Question

5/3if 87.5 percent of a sample of pure 131 i decays in 24 days, what is the half-life of 131 i?

Answer 1

1st time of decay: 50%
2nd time of decay: 50%+25%=75%
3rd time of decay: 75+12.5%=87.5%
Therefore, 87.5% of the samples decays in 3 half-lives
Therefore, 24 days is 3 half-lives
Therefore:
1 half-life is 24/3 = 8 days

Answer 2

Answer : The half-life of iodine is, 8 days.

Explanation :

First we have to calculate the rate constant.
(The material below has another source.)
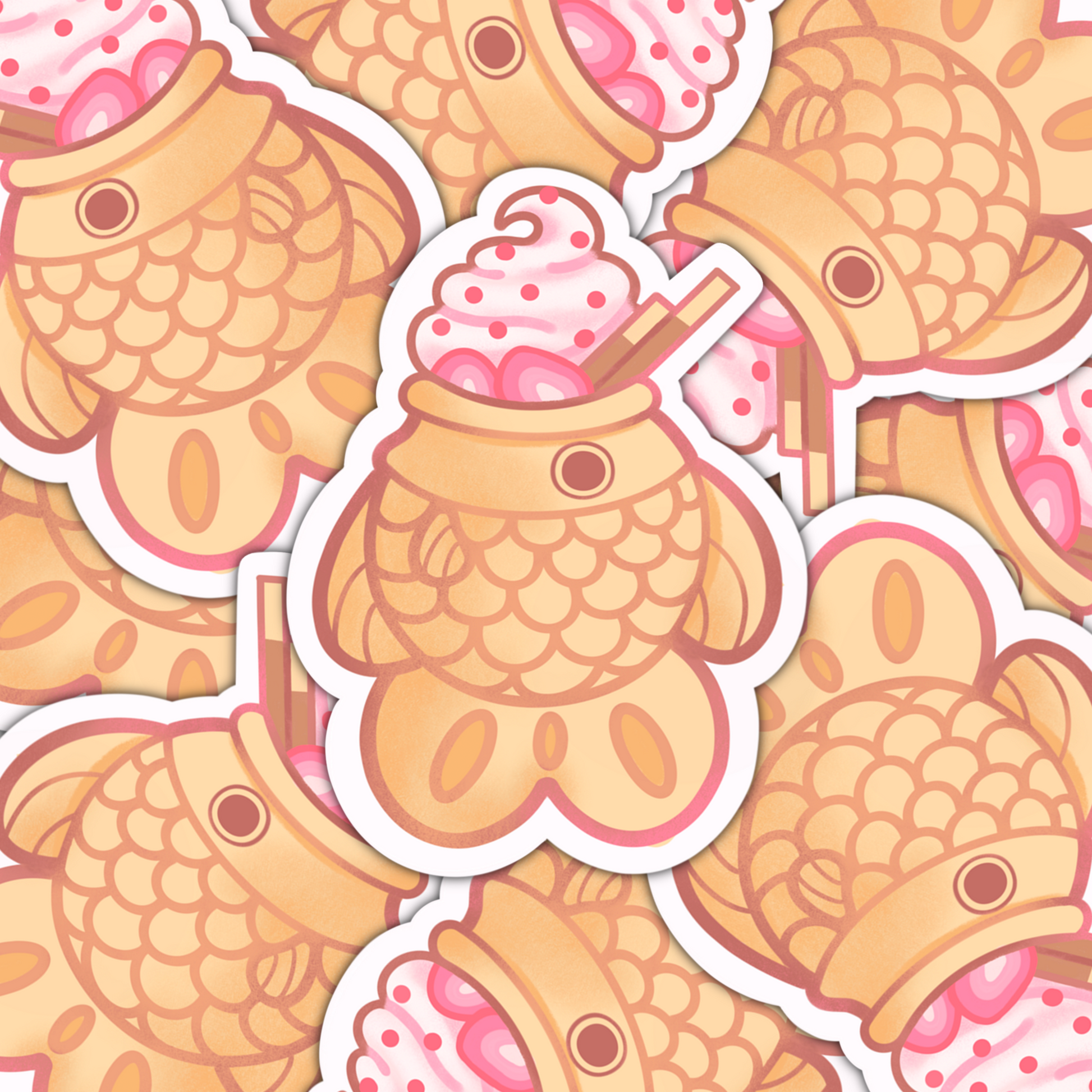 "Get hooked on cuteness with our Taiyaki Strawberry Fish Sticker. This playful sticker features a fish-shaped ice cream treat with a sweet strawberry twist. Perfect for adding a fun touch to your notebooks, laptops, and more!"🍓

Expression for rate law for first order kinetics is given by:

`k=(2.303)/(t)\log(a)/(a-x)`

where,

k = rate constant = ?

t = time passed by the sample = 24 days

a = let initial amount of the reactant = 100 g

a - x = amount left after decay process = 100 - 87.5 = 12.5 g

Now put all the given values in above equation, we get

`k=\frac{2.303}{24\text{ days}}\log(100)/(12.5)`

`k=8.66* 10^(-2)\text{ days}^(-1)`

Now we have to calculate the rate constant, we use the formula :

`k=(0.693)/(t_(1/2))`

`8.66* 10^(-2)=(0.693)/(t_(1/2))`

`t_(1/2)=8.00\text{ days}`

Therefore, the half-life of iodine is, 8 days.